Throughout the past year and a half of the Unearthing Detroit Project, graduate students, volunteers, professors, and undergraduates have devoted their energies to researching the Renaissance Center collection. Our project team, led by Dr. Krysta Ryzewski, has specializations and interests ranging from archaeology and digital media to history and biology. The diverse interests of our project team are showcased in previous blog posts on this site, including Mark Jazayeri and Don Adzigan’s digital photo documentation of artifacts, Sarah Beste and Slava Pallas’s faunal analysis, to Samantha Malette and Kate E. Korth’s archival explorations. In bringing together these individual contributions within the scope of Unearthing Detroit’s research objectives, we are gradually developing a narrative archaeological history focused on Detroit’s development from the 18th-century to the early 20th-century.

The Unearthing Detroit project isn’t the only project employing CBR. In fact, across the US several universities, museums, and other institutions are conducting CBR on archaeological collections. The ability to bring new life to old collections and reanalyze the narratives they represent through evolving and advancing technologies is a rewarding experience for our team and other archaeologists. The following four examples apply CBR in slightly different ways and all have been influential in developing the approaches we use on the Unearthing Detroit project:

The Market Street Chinatown Archaeological Project uses CBR to investigate an urban collection unearthed in the 1980s. Through reorganizing, analyzing, and reanalyzing these artifacts, Stanford and affiliates are learning more about the lifestyles of past Chinese immigrants in this historic area. Research is shared via progress notes and reports on an incredible website, and in previous years through a contemporary art installation, City Beneath the City.

The Mount Vernon Midden Project utilizes CBR to reinvent the way archaeologists present collections. Along with their own research, this project showcases a large interactive database of their artifacts allowing visitors to explore “George Washington’s trash” themselves.

The Council of Virginia Archaeologists (COVA) enacts CBR to inventory and track archaeological collections on a statewide platform. COVA assesses potential research values in discovering their state’s past as a whole, making sure that no collection is orphaned.

The Boston City Archaeologist creates excellent learning opportunities for researchers and volunteers alike. Joe Bagley, Boston City Archaeologist, has inspired us with his effort in making archaeology available to the public.

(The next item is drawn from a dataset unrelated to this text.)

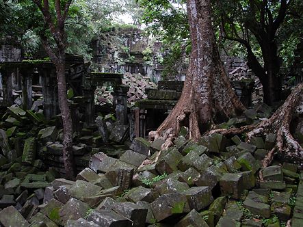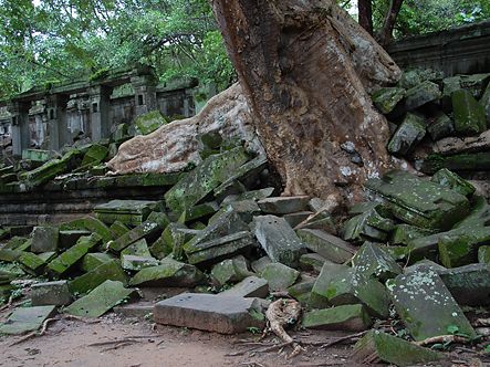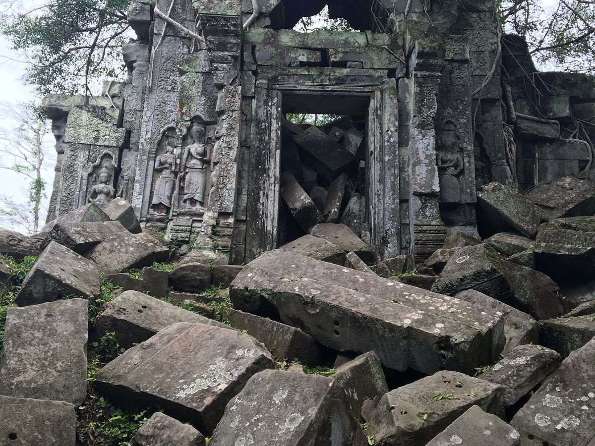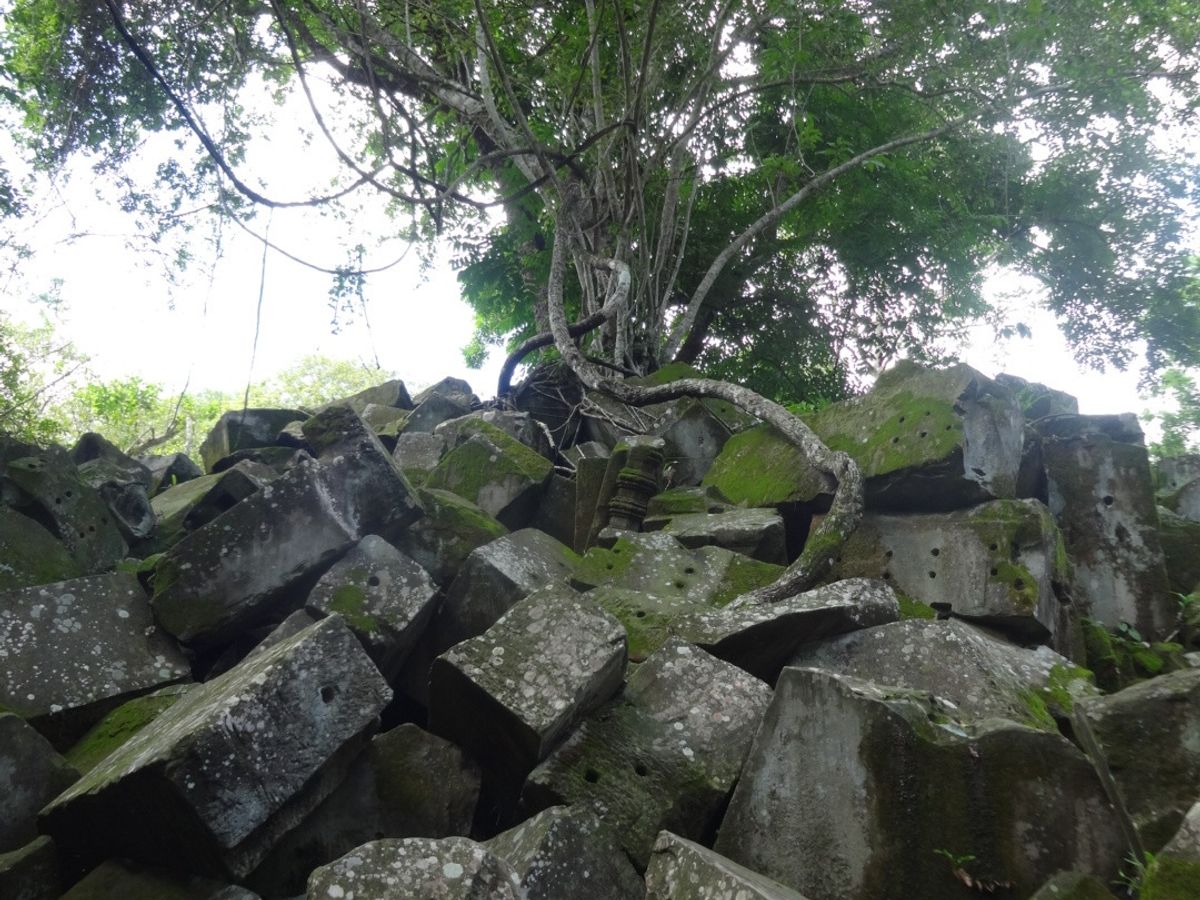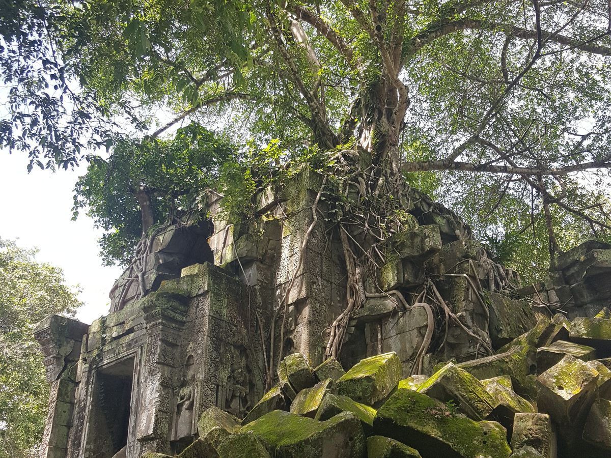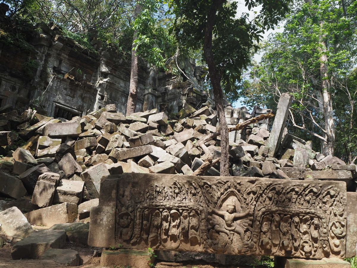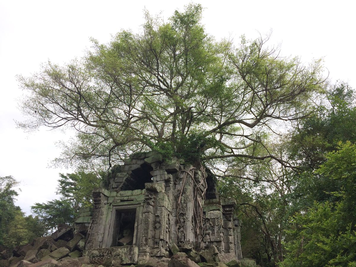バスから数分歩くといよいよ遺跡が見えてきました。未修復の遺跡だけあって、石が無造作に積みあがっている中に遺跡が埋もれているような雰囲気。そしてタプロム以上に木々の侵食が進んでいる姿は圧巻です。

Collections-based research is an important part of the archaeological recovery process and just one way to address the current curation crises that many museums face. The curation crisis stems from the fact that many collections contain an abundance of archaeological materials that have not been fully researched due mainly to financial, time, and resource constraints. This surplus of unexamined or unattended archaeological materials has fueled debates among archaeologists and museum professionals about how best to manage collections. Some individuals have even argued that excavations should cease entirely until archaeologists can catch up with the backlog of processing or address conservation needs in their current collections. In an era when many museums face challenges to curating and maintaining extant collections, CBR can help to keep collections active and to debunk the myth that storage rooms are where artifacts go to die.

The Unearthing Detroit project is extremely fortunate to have access to the Grosscup Museum of Anthropology, which contains over a dozen substantial collections of 19th-century materials from Detroit, making ours one of the largest and most diverse repositories of early urban archaeological collections in the Midwest, if not the US. Not only does this collection allow us a glimpse into historic Detroit as a whole, but as our CBR progresses, it will eventually provide an invaluable comparative resource for understanding the development of 19th-century cities across North America.